★★☆☆☆

103 min | R | April 1, 2022 | Paramount Pictures

A Special Forces sergeant gets discharged without a pension and takes a private contract he should refuse. The money is good. The job goes wrong in the first twenty minutes, and the movie spends the rest of its time looking for the thriller it forgot to build.

James Harper is an Army Special Forces sergeant. A failed drug test ends his career and strips his pension and benefits. Drowning in debt with a wife and son to support, he takes a private contract from a shadowy outfit run by an old comrade. The job in Berlin collapses fast and turns him into a man hunted by the same people who hired him. Tarik Saleh frames this as an indictment of how the country uses up its soldiers and discards them, then loses that thread in favor of standard man-on-the-run mechanics.

Chris Pine plays Harper with a banked, interior quality that suits a man who has spent his life following orders. He underplays the desperation and lets it surface in small gestures rather than speeches. Ben Foster plays Mike Hawkins, the friend who pulls Harper into the contract, with an easy warmth that curdles as the stakes rise. Kiefer Sutherland plays Rusty Jennings, the contractor recruiter, as a soft-spoken patriot whose menace lives under a smile. Eddie Marsan appears briefly as Virgil and sketches a full character in a handful of scenes.

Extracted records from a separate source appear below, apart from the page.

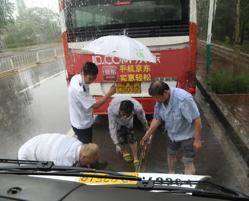 12時(shí)30分,207路車(chē)在行至開(kāi)平路段時(shí)出現(xiàn)故障。機(jī)務(wù)隊(duì)長(zhǎng)張繼民立即開(kāi)著拖車(chē)前往現(xiàn)場(chǎng),不料返回途中拖車(chē)也壞了,得知情況的隊(duì)長(zhǎng)立即與修理車(chē)間聯(lián)系,又派出安全員孫濤、張利明和修理工王金偉火速趕赴現(xiàn)場(chǎng)冒雨搶修,直至晚上六點(diǎn)多,故障車(chē)和拖車(chē)才順利返回車(chē)場(chǎng),而參與搶修的幾名工作人員早已經(jīng)全身濕透。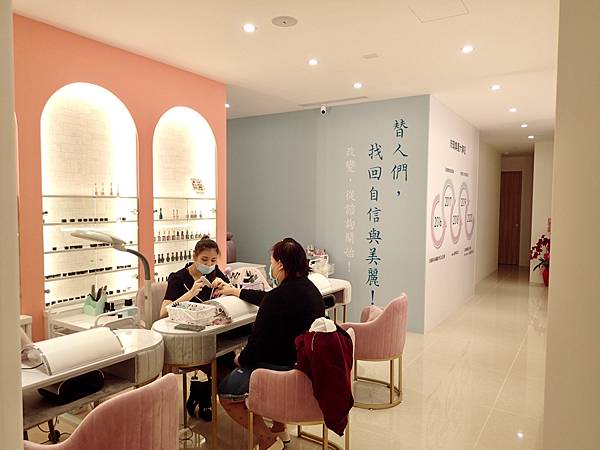She shines私藏空間美容課程很多,也有美甲、美睫、霧眉、霧唇的服務,內部空間超大,還有很多可以拍網美照的場景。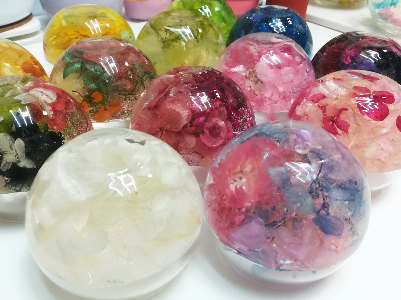 まずは、1層目に入れるお花選んでグラスに入れ、クリアなジェルワックスを注ぎ、冷やします。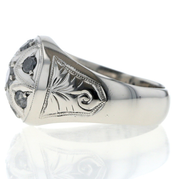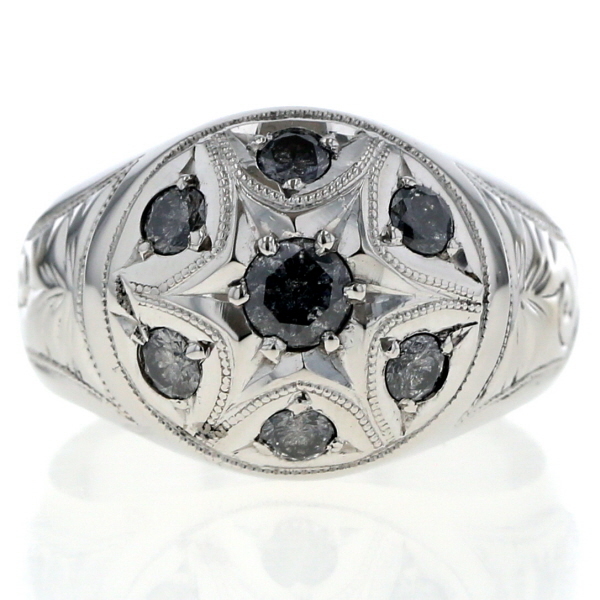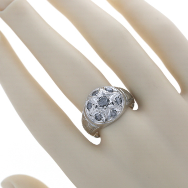 | 商品紹介 | 星モチーフとサークルが重なり合う立体的なデザインのリングです。 中央に配された一粒のブラックダイヤモンドを囲むように、プラチナの星形フレームと6粒のブラックダイヤが輝きを添えます。 艶やかな黒の輝きと金属光沢が一体となり、洗練されたモードな印象を放つ仕上がりです。 |

Saleh directs from a script by J.P. Davis that wants to be a thriller and a message movie at once. The Berlin sequences are shot in cold blues and grays that drain the action of warmth and keep the violence clinical rather than thrilling. Saleh stages the central operation in near silence and lets the procedure do the work, which is the film at its best. The problem is structural. The first act builds a real argument about veterans and abandonment, then the back half abandons that argument for chases and reversals that any genre picture could supply.

The Contractor has the cast and the craft to be more than it is. The pieces never assemble into either the thriller or the protest the film keeps gesturing toward. Pine and Foster commit to a story that does not earn their commitment. The result is a competent military thriller that sands its own ideas down until nothing cuts.